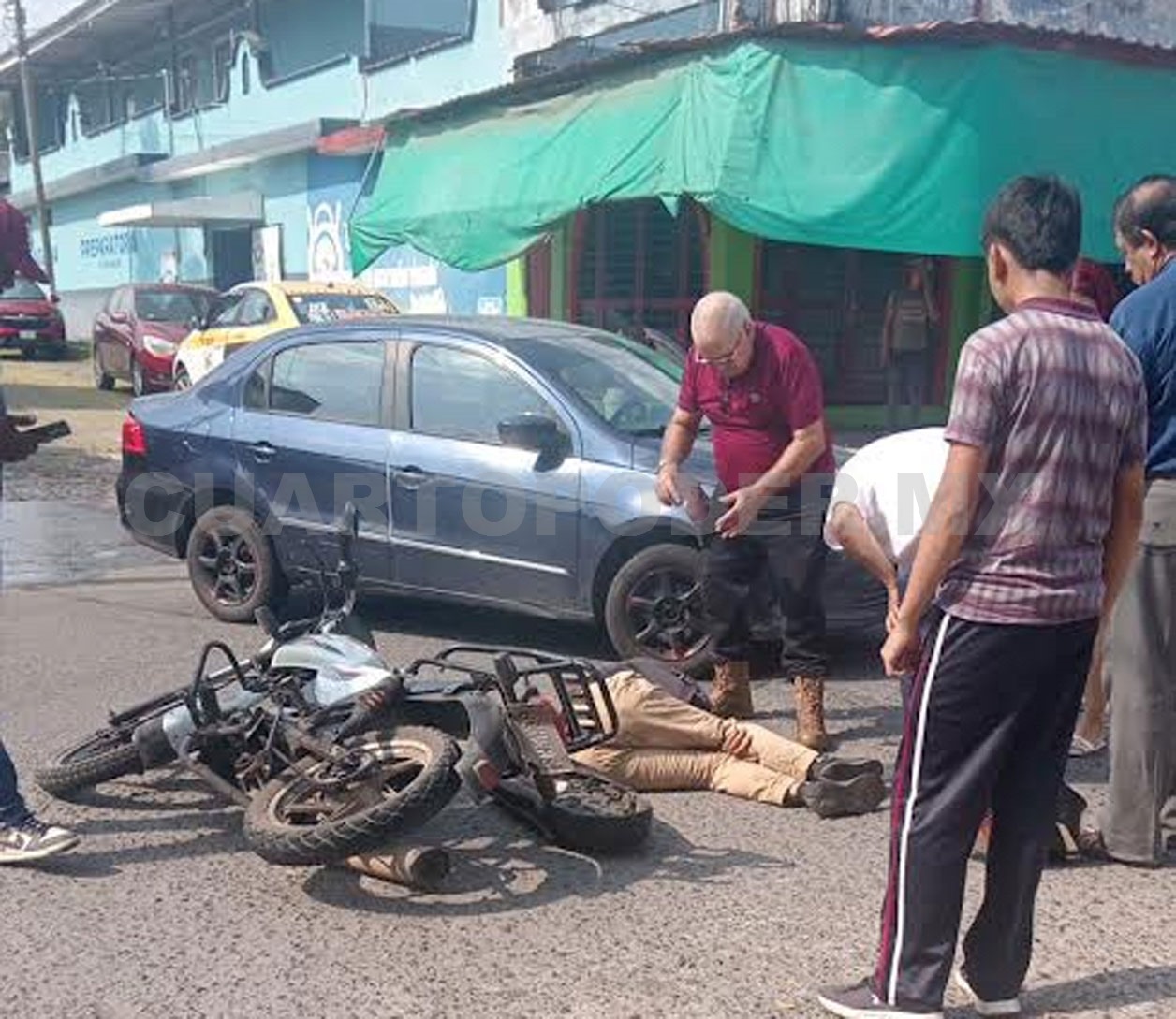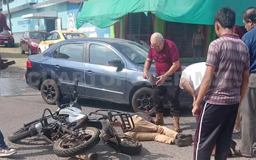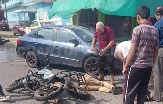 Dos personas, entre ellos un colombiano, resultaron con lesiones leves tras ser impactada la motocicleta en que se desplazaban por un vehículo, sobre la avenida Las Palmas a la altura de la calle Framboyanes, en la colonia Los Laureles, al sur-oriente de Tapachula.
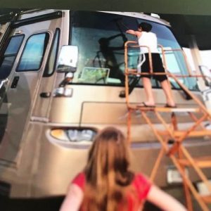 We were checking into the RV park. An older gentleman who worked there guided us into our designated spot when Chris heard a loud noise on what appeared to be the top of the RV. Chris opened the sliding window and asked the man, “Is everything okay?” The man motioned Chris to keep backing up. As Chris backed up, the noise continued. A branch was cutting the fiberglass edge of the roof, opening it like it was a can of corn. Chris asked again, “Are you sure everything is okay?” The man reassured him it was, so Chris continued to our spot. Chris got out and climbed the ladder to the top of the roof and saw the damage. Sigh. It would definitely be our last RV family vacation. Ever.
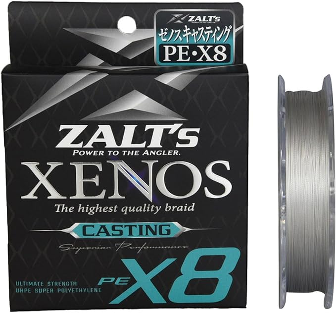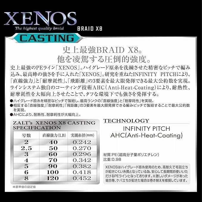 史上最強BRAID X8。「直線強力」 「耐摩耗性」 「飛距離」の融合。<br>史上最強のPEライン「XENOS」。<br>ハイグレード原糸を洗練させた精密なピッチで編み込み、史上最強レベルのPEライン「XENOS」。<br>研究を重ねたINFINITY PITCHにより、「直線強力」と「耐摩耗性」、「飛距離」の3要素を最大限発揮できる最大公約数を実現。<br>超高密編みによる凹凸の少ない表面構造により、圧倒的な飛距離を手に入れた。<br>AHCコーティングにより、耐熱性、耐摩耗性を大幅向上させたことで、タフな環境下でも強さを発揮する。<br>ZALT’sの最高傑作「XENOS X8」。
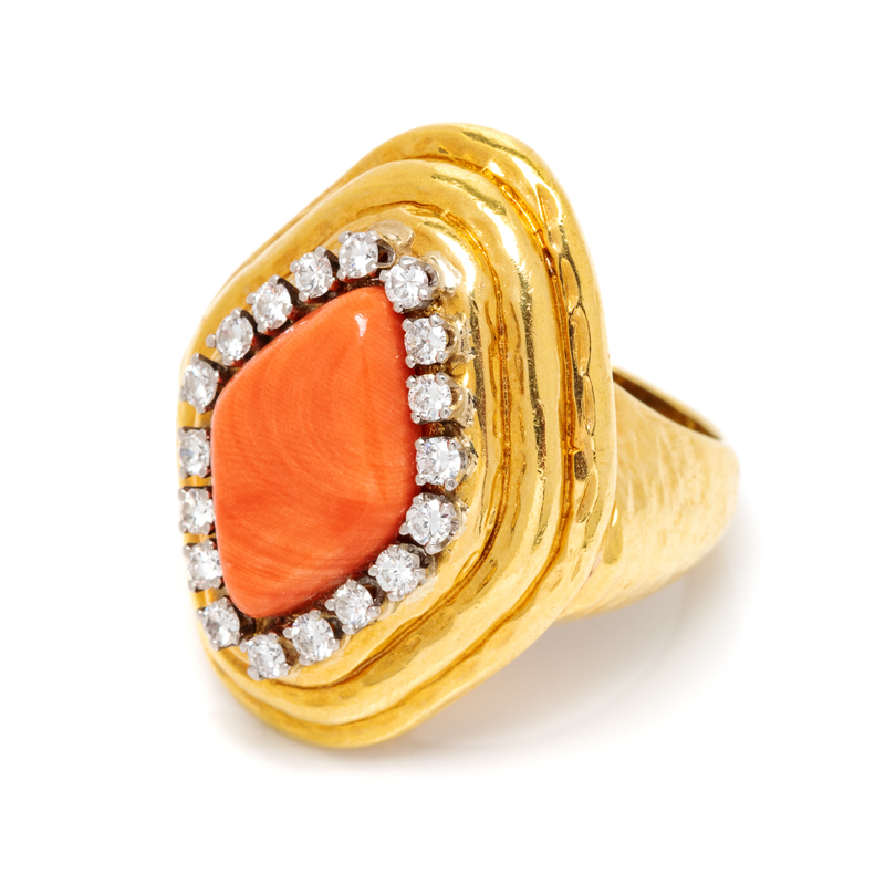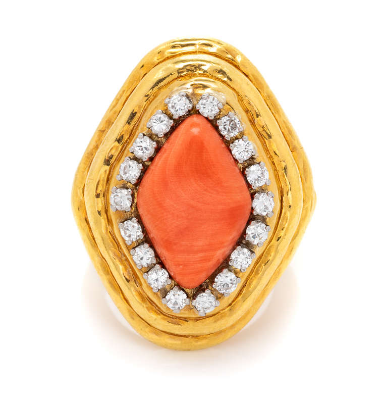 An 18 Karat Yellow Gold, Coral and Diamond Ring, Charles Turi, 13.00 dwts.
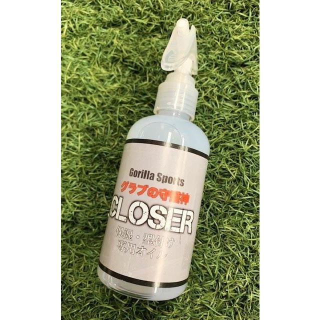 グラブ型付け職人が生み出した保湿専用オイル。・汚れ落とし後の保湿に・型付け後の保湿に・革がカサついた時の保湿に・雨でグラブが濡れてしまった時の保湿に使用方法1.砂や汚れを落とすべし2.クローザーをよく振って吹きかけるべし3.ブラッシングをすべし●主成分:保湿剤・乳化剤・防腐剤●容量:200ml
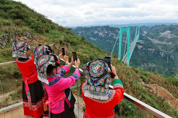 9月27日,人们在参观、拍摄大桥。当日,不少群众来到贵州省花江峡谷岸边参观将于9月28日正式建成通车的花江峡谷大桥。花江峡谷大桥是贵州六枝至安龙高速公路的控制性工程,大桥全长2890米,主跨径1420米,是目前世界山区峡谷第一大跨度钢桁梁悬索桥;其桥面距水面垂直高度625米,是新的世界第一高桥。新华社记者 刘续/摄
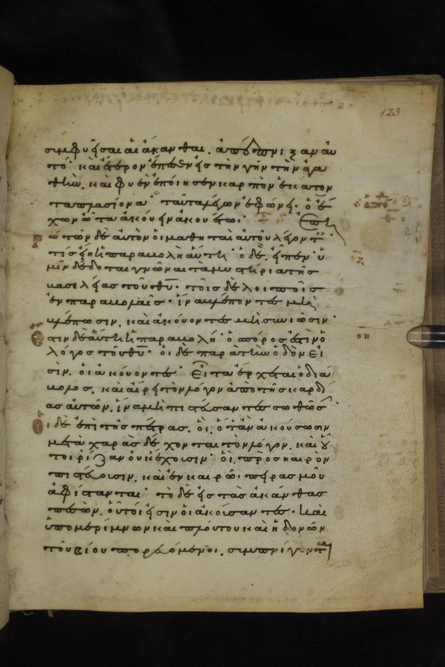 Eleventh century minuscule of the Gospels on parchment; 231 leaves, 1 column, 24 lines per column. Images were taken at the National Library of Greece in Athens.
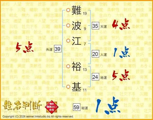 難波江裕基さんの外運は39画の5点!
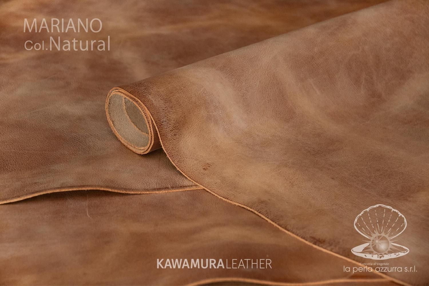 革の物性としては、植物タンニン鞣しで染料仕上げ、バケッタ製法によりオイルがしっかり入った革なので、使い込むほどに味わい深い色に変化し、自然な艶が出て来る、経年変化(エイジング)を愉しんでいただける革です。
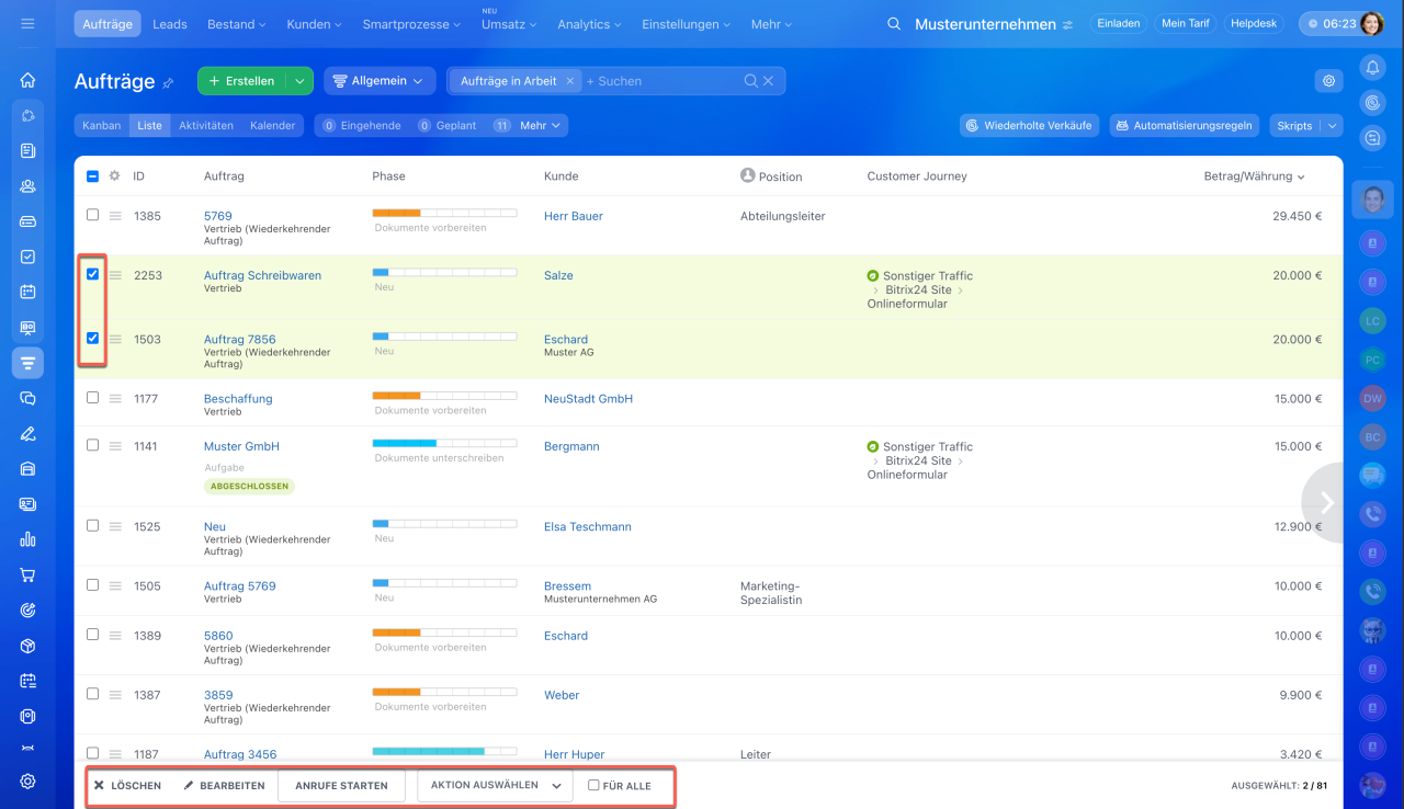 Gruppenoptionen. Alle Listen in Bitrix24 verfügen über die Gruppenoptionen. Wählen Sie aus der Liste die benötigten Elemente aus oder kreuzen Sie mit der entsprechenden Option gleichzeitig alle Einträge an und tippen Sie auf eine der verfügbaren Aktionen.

[Requirement] Begin at the line that contains "革の物性としては、植物タンニ" and transcribe every line through the end of the listing, exactly as written. Omit the pictures.

[Response to this task]
 革の物性としては、植物タンニン鞣しで染料仕上げ、バケッタ製法によりオイルがしっかり入った革なので、使い込むほどに味わい深い色に変化し、自然な艶が出て来る、経年変化(エイジング)を愉しんでいただける革です。
 Gruppenoptionen. Alle Listen in Bitrix24 verfügen über die Gruppenoptionen. Wählen Sie aus der Liste die benötigten Elemente aus oder kreuzen Sie mit der entsprechenden Option gleichzeitig alle Einträge an und tippen Sie auf eine der verfügbaren Aktionen.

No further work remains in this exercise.